*RECORDS PROVIDED*:
^^^^

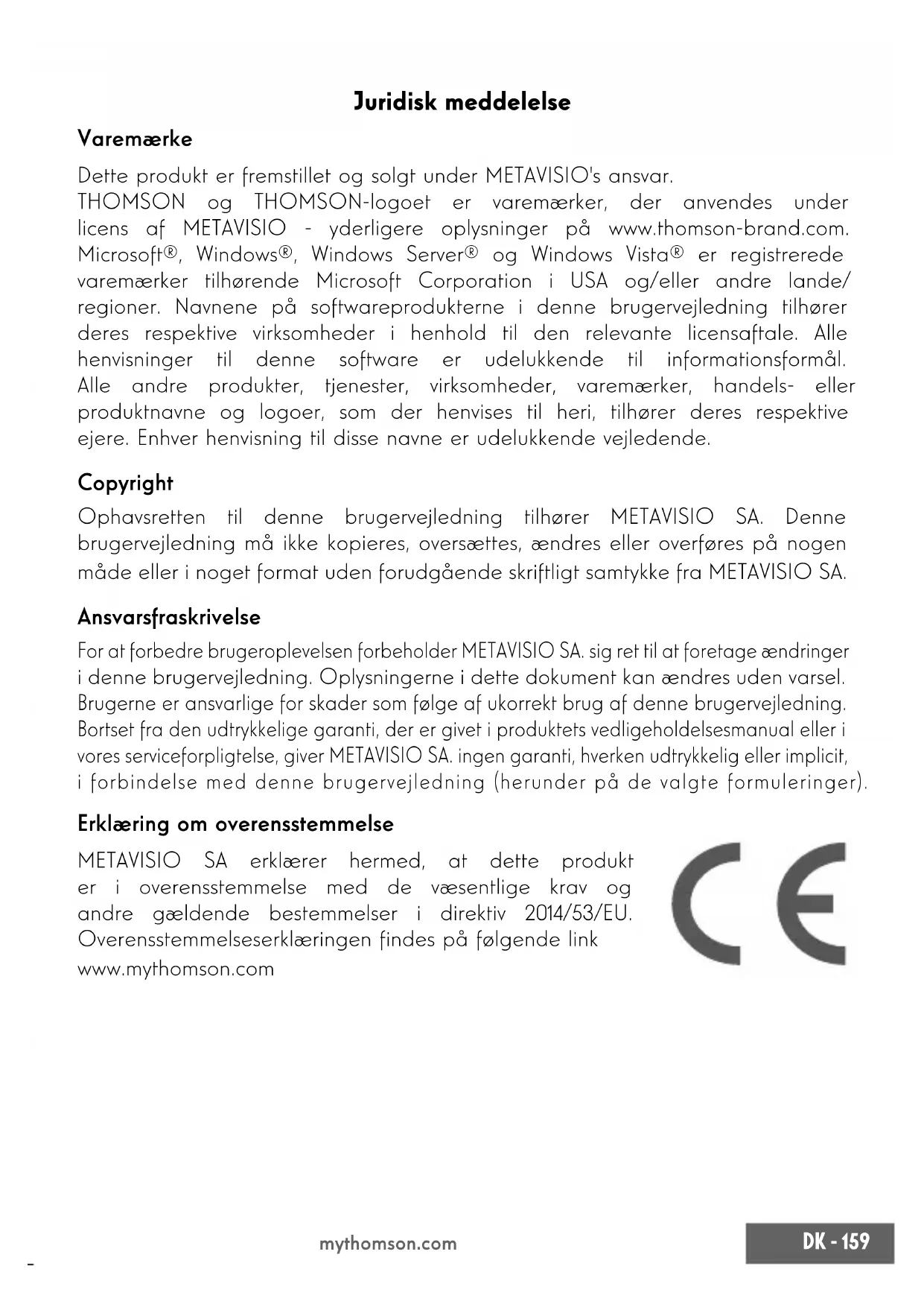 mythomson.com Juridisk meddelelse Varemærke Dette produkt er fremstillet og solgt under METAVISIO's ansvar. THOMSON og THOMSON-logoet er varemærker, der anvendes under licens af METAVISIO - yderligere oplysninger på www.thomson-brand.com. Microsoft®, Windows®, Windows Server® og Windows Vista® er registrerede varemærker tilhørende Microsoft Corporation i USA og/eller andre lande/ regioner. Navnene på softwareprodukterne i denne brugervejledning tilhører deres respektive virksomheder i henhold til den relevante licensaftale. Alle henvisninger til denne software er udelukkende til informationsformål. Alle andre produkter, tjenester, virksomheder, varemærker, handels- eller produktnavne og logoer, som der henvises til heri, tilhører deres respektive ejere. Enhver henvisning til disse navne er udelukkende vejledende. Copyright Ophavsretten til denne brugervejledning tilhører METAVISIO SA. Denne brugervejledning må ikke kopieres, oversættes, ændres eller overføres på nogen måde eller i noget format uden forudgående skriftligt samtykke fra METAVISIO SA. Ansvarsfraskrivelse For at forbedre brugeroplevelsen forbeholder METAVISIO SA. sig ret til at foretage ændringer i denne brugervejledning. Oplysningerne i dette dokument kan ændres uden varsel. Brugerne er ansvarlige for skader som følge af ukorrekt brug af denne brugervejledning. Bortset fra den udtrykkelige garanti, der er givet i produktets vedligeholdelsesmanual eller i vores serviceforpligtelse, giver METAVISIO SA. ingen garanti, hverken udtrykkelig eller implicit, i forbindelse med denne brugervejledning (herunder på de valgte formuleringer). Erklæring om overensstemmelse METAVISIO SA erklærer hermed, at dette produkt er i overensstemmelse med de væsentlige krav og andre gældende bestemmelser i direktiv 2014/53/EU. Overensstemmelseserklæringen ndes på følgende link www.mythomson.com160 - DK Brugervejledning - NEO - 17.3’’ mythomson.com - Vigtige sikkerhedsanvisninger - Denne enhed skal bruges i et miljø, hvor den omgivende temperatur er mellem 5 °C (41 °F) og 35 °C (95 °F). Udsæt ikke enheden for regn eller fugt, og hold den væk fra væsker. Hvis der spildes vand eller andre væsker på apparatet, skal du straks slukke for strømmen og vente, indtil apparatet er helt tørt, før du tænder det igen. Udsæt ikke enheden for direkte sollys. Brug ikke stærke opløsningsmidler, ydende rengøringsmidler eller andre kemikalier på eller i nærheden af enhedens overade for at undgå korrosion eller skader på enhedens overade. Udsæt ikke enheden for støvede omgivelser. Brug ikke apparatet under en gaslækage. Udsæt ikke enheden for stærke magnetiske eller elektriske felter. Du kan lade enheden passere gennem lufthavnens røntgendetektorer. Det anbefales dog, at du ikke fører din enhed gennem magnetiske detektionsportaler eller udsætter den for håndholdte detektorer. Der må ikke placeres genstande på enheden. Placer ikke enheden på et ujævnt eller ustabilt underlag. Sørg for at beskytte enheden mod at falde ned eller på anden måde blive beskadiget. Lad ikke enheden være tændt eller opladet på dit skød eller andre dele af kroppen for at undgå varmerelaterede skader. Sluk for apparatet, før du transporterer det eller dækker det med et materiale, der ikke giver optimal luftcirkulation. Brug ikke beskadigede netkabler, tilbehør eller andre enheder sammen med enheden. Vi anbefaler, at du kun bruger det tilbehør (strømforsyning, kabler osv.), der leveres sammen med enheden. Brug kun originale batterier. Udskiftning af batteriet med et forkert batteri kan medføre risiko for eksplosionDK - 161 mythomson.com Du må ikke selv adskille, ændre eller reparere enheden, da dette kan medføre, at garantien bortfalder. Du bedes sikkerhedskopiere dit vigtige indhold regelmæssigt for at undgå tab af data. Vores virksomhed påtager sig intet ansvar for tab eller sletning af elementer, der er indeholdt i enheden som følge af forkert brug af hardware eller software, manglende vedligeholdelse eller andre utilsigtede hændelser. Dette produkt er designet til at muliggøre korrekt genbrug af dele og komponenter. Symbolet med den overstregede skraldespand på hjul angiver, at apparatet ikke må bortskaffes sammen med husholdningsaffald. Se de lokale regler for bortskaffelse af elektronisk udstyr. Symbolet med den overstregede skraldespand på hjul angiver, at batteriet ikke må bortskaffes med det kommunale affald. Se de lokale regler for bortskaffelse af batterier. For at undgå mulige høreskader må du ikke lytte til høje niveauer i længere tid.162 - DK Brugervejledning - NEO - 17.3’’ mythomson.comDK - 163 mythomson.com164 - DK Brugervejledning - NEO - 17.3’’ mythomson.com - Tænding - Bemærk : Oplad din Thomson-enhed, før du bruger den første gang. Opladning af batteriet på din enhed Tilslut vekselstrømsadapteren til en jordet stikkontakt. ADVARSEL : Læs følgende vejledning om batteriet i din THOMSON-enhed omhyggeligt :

^^^^

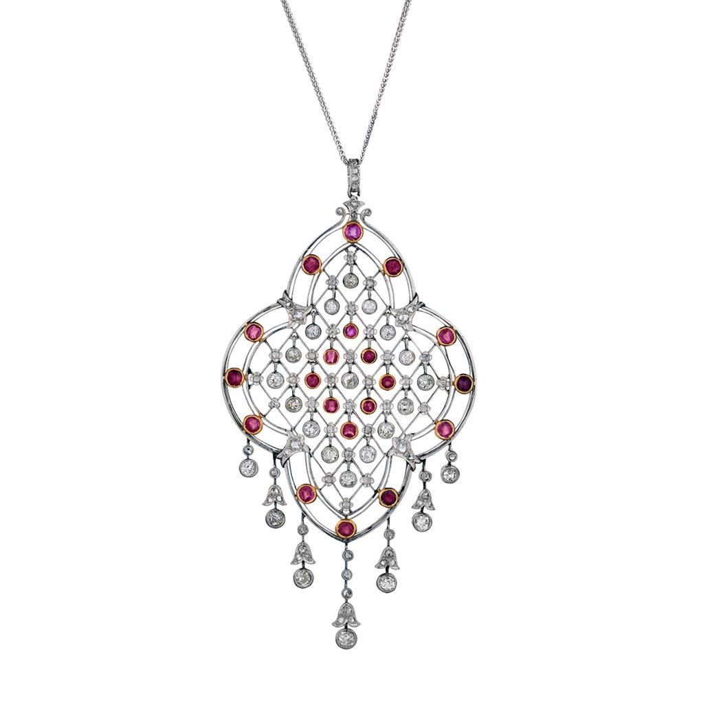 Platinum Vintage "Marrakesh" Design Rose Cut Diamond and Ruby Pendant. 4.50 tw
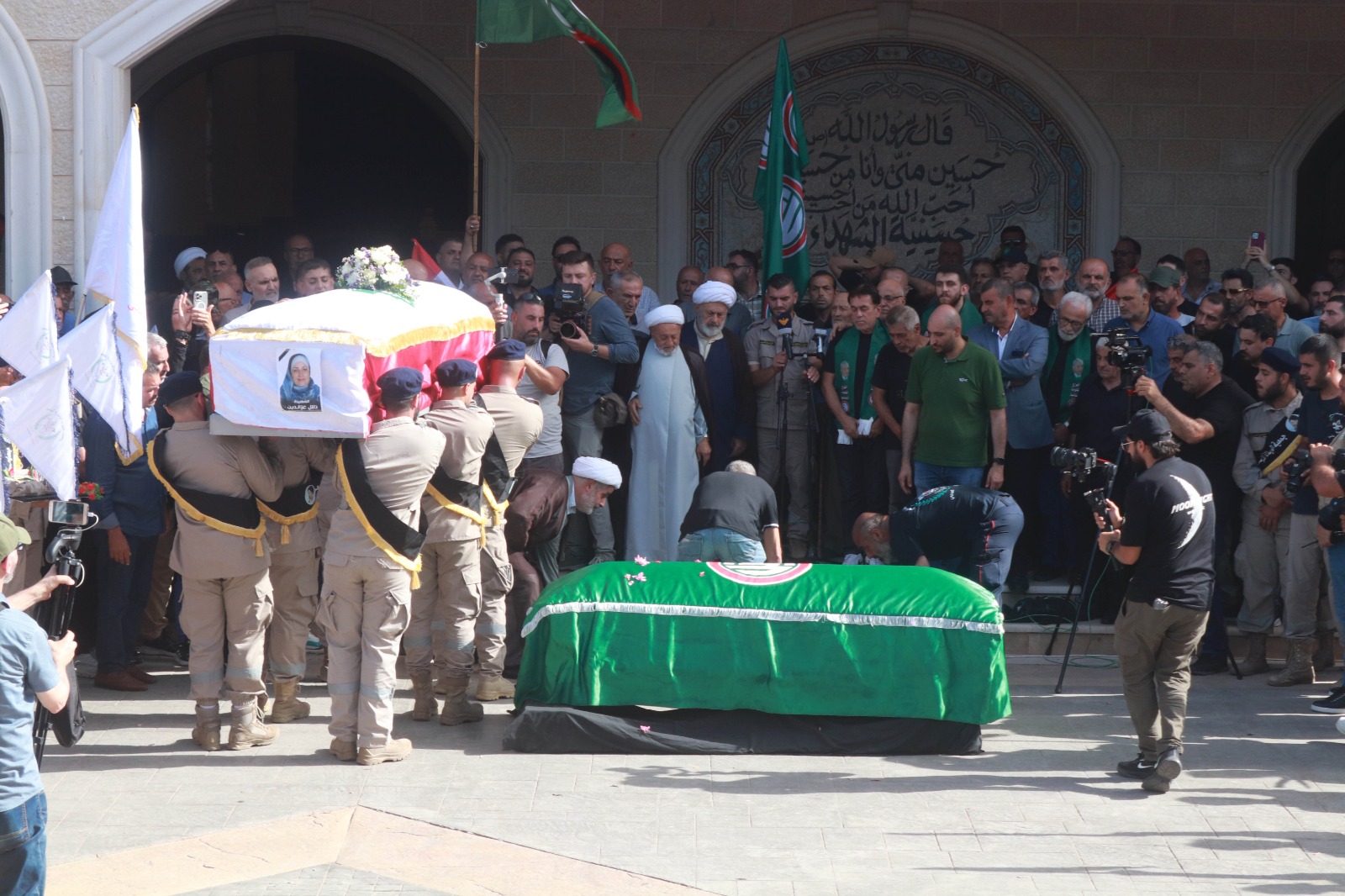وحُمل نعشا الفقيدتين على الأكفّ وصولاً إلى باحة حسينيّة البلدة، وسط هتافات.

^^^^

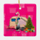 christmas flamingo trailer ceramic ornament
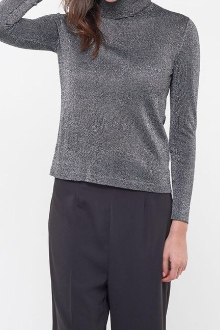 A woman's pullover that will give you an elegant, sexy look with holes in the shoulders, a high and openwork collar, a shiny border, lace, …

^^^^

*YOUR TASK*:
Above are the records; copy exactly the lines from the one with "Pendant. 4.50 tw" through the one with "وحُمل نعشا الفقيدتين", including both, and nothing more. Leave out pictures.

*EXERCISE ANSWER*:
 Platinum Vintage "Marrakesh" Design Rose Cut Diamond and Ruby Pendant. 4.50 tw
وحُمل نعشا الفقيدتين على الأكفّ وصولاً إلى باحة حسينيّة البلدة، وسط هتافات.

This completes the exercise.